In the speech, he said the continuing racism was akin to “pouring salt in a deep wound” of past injustice, and pledged that his party would be at the forefront of fighting the scourge. He said racists were not welcome in the DA and discouraged them from voting for the party.

Maimane told City Press that there should be equal outrage at racism, regardless of who perpetrated it. He said the racial slurs directed at him and whites by ANC leaders should be treated with the same outrage directed at the case of Penny Sparrow.

“When people stand up in Parliament saying things like ‘Maimane is only a token black who was hired [because he is] married to a white person’, almost attacking in really racial language, nobody says a thing,” he said.

He said the “presumption that says racists can only be white” was wrong. He cited as examples an incident in which an ANC MEC in the Eastern Cape had allegedly said that white pupils should be barred from a local school, and another in which an ANC MP said white people were “stupid and must be driven out” of the country. In another example, an ANC councillor in Cape Town had also threatened white people with “murder”.

He described as “almost false logic” the ANC’s campaign to portray the DA as a racist party.

“You say only white people are in the DA, and only white people can be racist, therefore the DA is racist. That is the campaign,” he said.

He said that the DA was “the only party that has stopped saying that we represent one race or demographic or one province, and the party is growing everywhere in diverse environments”.

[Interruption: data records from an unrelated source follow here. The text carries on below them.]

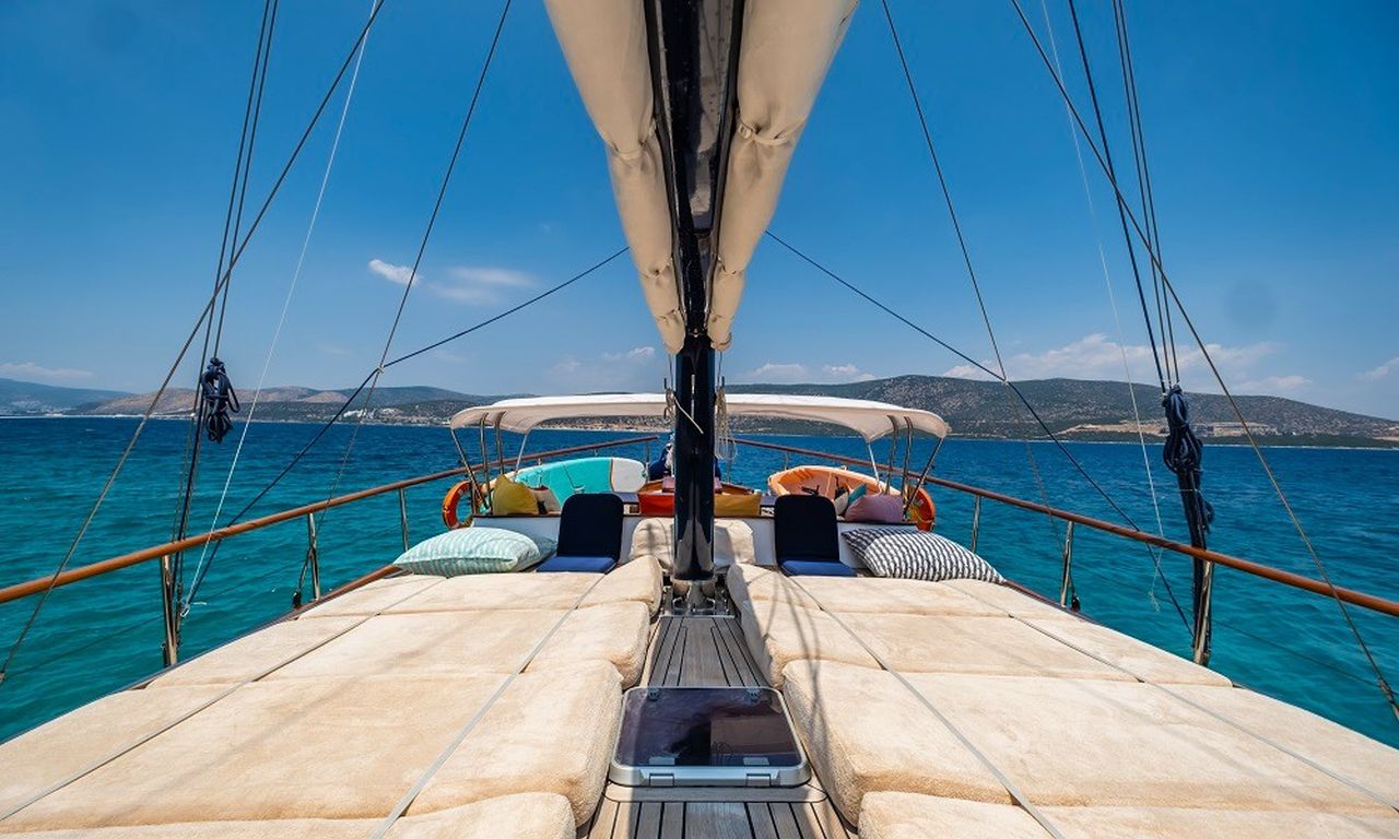 Имеются подушки для загара, стулья и сервировочные наборы, достаточные для всех гостей. Гулет Golden Joy, благодаря своему полноценному радио, навигационному оборудованию GSM-телефона; Бодрум, Гёджек, Мармарис, Фетхие и т. д., вы можете безопасно плавать в наших синих круизных направлениях.
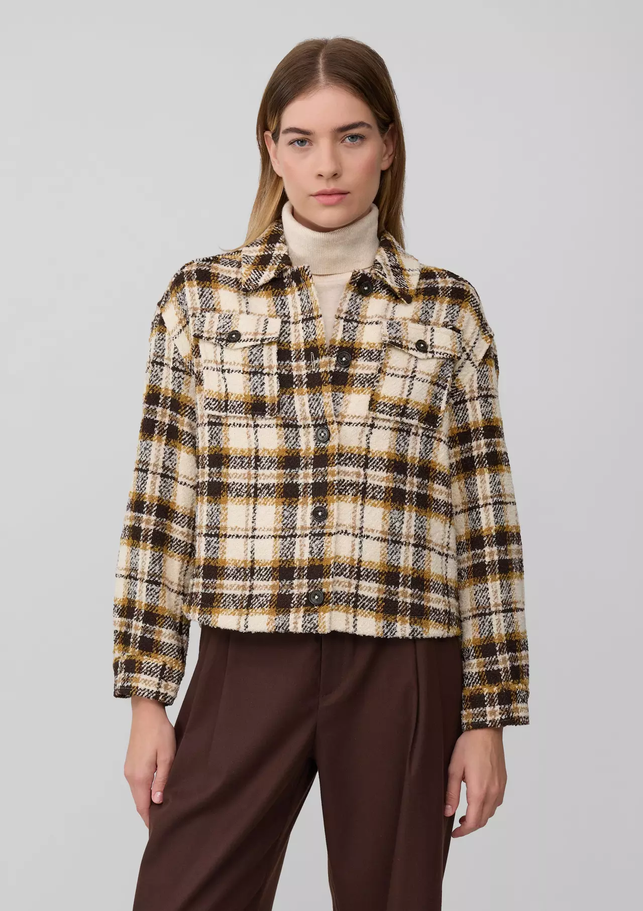 Looking for a touch of classic charm? This short bouclé jacket in beige with a chic checkered pattern adds sophistication to any outfit. The shirt collar and chest pocket give the jacket an elegant flair, while the button closure completes the look. Perfect for adding that extra touch of style to your everyday wear.
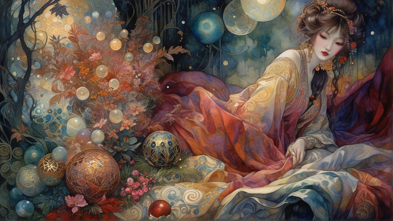 A serene woman in an ornate orange kimono sits among glowing orbs and lush foliage, set against a mystical backdrop of moons and dark woods, evoking a dreamlike atmosphere.
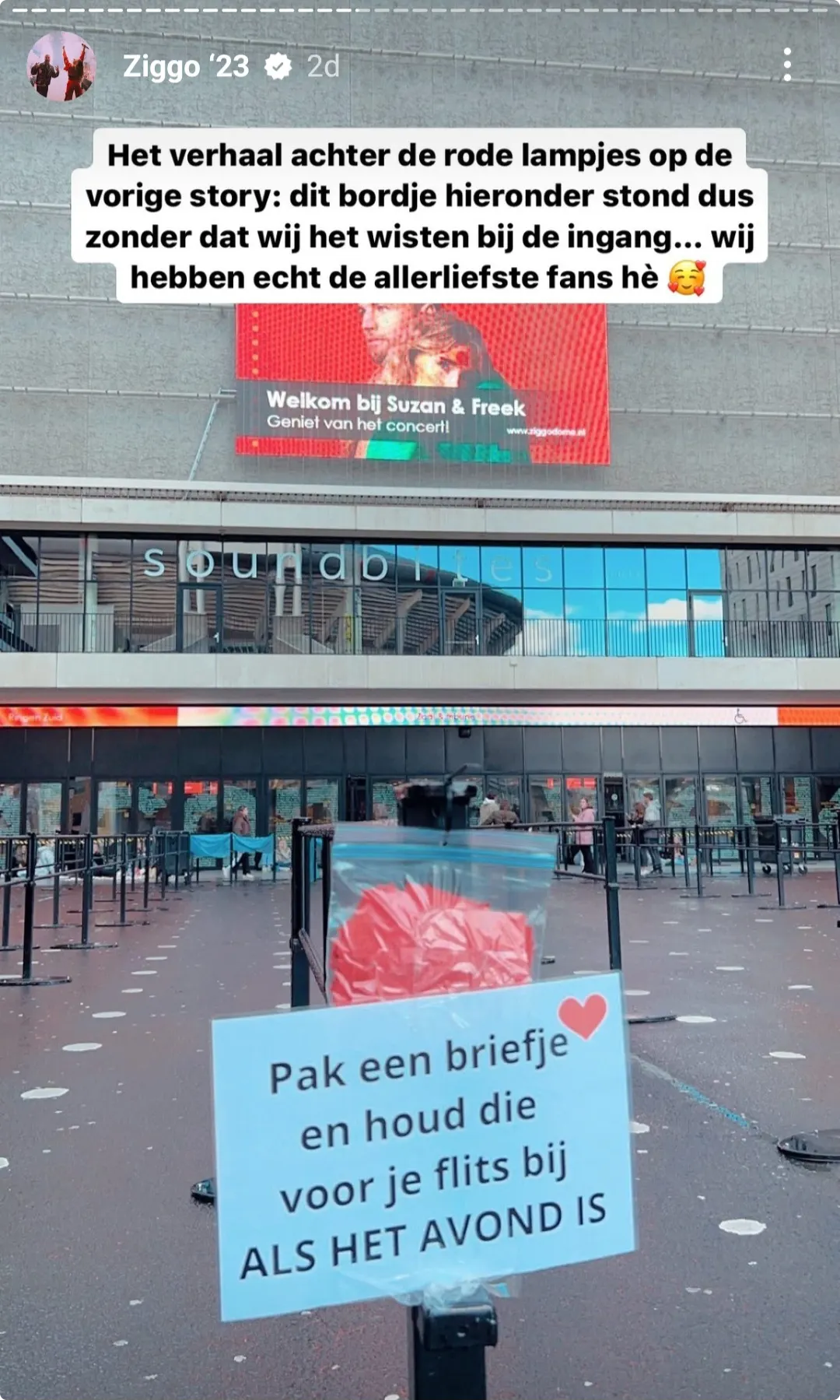 Iedereen kon door de actie van een aantal fans bij binnenkomst van de concertzaal een rood briefje pakken uit een grote bak. Op deze bak was een blaadje geplakt met de tekst "Pak een briefje en houd die voor je flits bij Als Het Avond Is." Daar is zoals hieronder te zien ook goed gebruik van gemaakt.
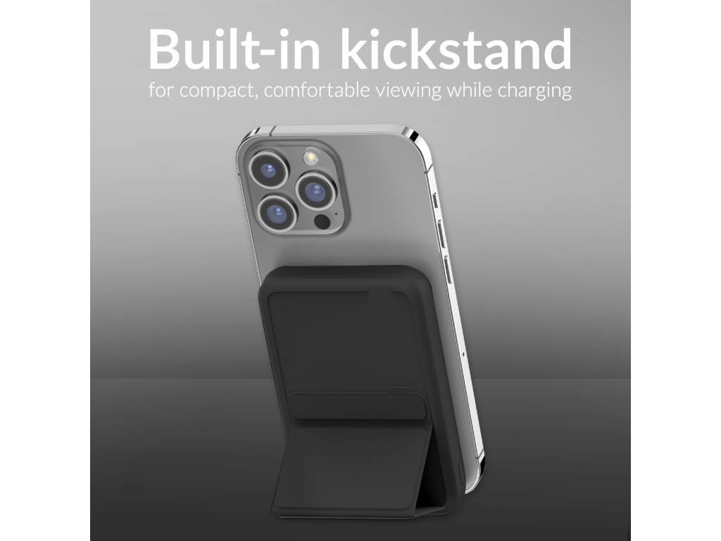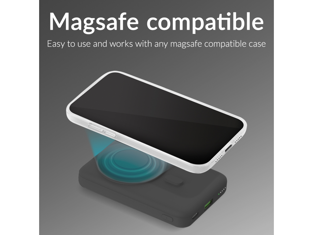 De powerbank maakt gebruik van magnetische Magsafe-technologie, waardoor je je apparaten moeiteloos kunt aan- en loskoppelen. Met een vermogen van 15W kun je erop vertrouwen dat je apparaten snel en efficiënt worden opgeladen. De power bank beschikt over een ingebouwde stand, waardoor je tijdens het opladen handsfree kunt genieten van jouw favoriete content.

On the claim that only the DA inherited former supporters of the National Party, Maimane pointed out that National Party members and supporters could be found everywhere, highlighting the fact that its last leader, Marthinus van Schalkwyk, had joined the ANC.

He said it was a “misnomer” to talk about the Western Cape – which is the only province governed by the DA – as the most racist in the country.

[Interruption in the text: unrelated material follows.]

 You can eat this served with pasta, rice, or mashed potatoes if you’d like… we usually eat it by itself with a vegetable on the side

“The ANC has also been in government there, so the suggestion will be wrong and misinformed,” said Maimane.

“The factory for racism was apartheid and it is a national crisis. If we as leaders are not willing to stand up and lead through it – not only in our parties, cities and communities – we are going to face some big challenges,” he said.

Maimane said it was true that the DA was not yet as diverse as it could be, particularly looking at the racial composition of its legislature caucus in Parliament.

“The big part of my speech was to say that we are diverse, but we are not diverse enough. So I acknowledge that point,” he said.

He said there was “a deliberate process” to set targets and achieve more diverse caucuses in the various legislatures.

“We have gone for an organic growth, and now I’m asking that we must put steroids to that organic growth so that we accelerate it without sitting down and setting quotas. We are going for diversity and not representivity on the basis of the national census,” said Maimane.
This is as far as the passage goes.